Anyway, thinking about things from that perspective made me acknowledge that I still don’t have anyone to catch my fall, and I’m 30 years older than my son. Yet the game just keeps getting harder. I want the game to be easier. As neat as it is to say I won, there is a limit to what one person can withstand, and some days I feel like I’m reaching my limit. So, I’m doing everything I can to focus on things getting easier. It means I’m having to ignore a lot of people around me, and do all the things I know and trust to help my mood stay buoyant. I am trying to make mental note of every single moment that feels easier. I am focusing on every single feel good moment I have as intently as possible to try and drown out everything else. I feel like I’m treading water, but hours into it and questioning how much longer I’ll make it. Prayers were helping and now they feel empty and one sided.

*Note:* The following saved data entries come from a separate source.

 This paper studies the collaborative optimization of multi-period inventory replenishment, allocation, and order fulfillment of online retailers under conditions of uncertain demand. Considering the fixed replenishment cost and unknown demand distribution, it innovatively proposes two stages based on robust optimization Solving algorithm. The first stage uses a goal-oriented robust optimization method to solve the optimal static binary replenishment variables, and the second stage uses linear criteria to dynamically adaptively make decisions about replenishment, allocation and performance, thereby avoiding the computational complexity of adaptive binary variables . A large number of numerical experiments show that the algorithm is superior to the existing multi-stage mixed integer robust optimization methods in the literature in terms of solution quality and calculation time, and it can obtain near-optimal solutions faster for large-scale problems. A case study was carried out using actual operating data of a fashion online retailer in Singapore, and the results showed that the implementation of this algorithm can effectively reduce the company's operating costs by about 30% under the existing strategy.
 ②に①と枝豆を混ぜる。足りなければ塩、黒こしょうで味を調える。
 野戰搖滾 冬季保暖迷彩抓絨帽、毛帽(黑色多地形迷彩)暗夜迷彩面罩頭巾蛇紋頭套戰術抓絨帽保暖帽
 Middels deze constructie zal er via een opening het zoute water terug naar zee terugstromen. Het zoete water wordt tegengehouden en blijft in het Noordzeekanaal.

So mostly I just try to zone out for a while or take enough herbs to compensate. Nothing lasts forever, and this too shall pass. Silence, or a wall of sound, is currently golden because one helps me focus and the others drowns everything out so I don’t have to.

There will be a light at the end of the tunnel, I just need a bit more patience.

I close my eyes and focus on happy thoughts. I let music become my dominant focus, even when I’m in session with a client. I’m talking less and hiding more. Most sessions the last couple of weeks have been only the sound of peaceful music playing. It helps me think about good things and things I like and love. It helps me feel relief. It helps me find some calm.

I finishedy tax prep finally and they’re off to the accountant for her half, so I’m finally able to fit more workouts in again. I’m catching up quickly only having missed a few workouts, but I know that my current state is not just because of a few missed exercise routines. Patience.

May you do your best. May you find relief. May you find a way to chill when everything seems to be going against you. May you feel better and have more than enough focus. May you have enough energy to accommodate everything and everyone. May you know there will be someone there to catch your fall. May you know God loves and supports you.